Napoli president Aurelio De Laurentiis took aim at former head coach Maurizio Sarri for “errors in judgment” last season, while he asked Paris Saint-Germain forward Edinson Cavani to lower his salary.
Sarri – who is set to join Premier League side Chelsea – guided Napoli to their second runners-up finish in three Serie A seasons but the Italian boss was replaced by Carlo Ancelotti at the end of the 2017-18 campaign.
De Laurentiis was critical of Sarri and his lack of rotation throughout the season after Napoli threatened to dethrone titleholders Juventus last term.
Reflecting on Sarri and the past campaign, De Laurentiis said: “Last season was distorted and snatched from us: we belong to what [former Italian actor] Toto called ‘The Band of Honest Men [referring to the film].
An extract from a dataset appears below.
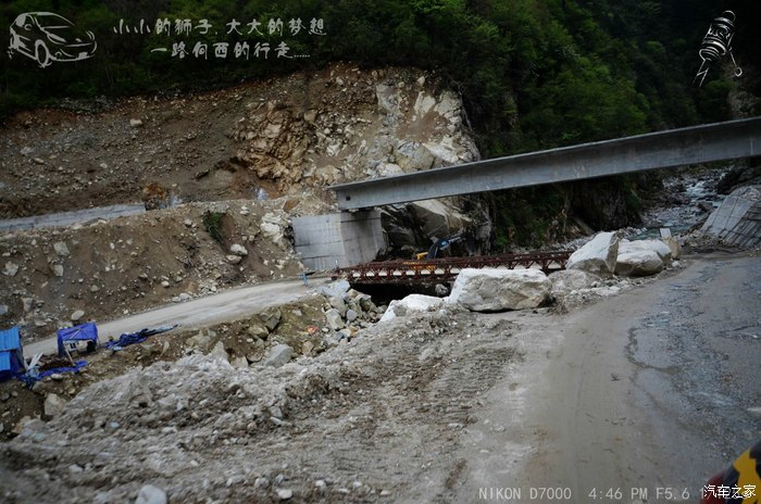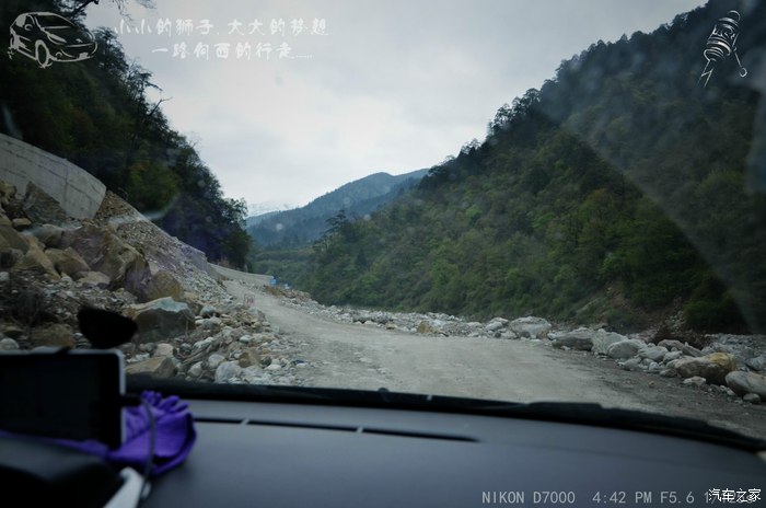出了海螺沟,有一小段修路,改道走河道,不要奇怪,四川很多地方修路的时候都改走河道,我是山区驾驶员,我习惯了

“That aside, there were errors in judgment throughout the season, the ability to be able to use the squad fully…
“Still, I don’t want to get into a technical speech or re-open any wounds that have healed.”
Former Napoli forward Cavani – who played a starring role for Uruguay at the World Cup in Russia – has been linked with a return to Stadio San Paolo.
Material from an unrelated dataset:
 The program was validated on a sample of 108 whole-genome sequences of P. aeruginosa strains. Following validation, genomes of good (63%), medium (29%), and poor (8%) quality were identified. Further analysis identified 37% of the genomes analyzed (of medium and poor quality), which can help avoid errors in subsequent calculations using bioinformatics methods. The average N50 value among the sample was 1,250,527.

Cavani spent three years with Napoli before the 31-year-old moved to French giants PSG in 2013, winning 16 trophies – including four Ligue 1 titles.
“I know you’d all like him, but I can clear this up immediately,” De Laurentiis added. “Edi earns €20m every 10 months. Having him and not letting the others play, at a time when our coach has just taken charge, would be a serious problem.
“Having only one player isn’t enough to win: we had Higuain, who broke the [goal scoring] record with us to earn double.
“We’re making assists, those who work with us break records and go on to earn double.
“Cavani has my number. If he wants, he can call me, lower his salary and put me in touch with PSG. I know he’d like to come back, but he had no qualms about leaving to earn three times more.”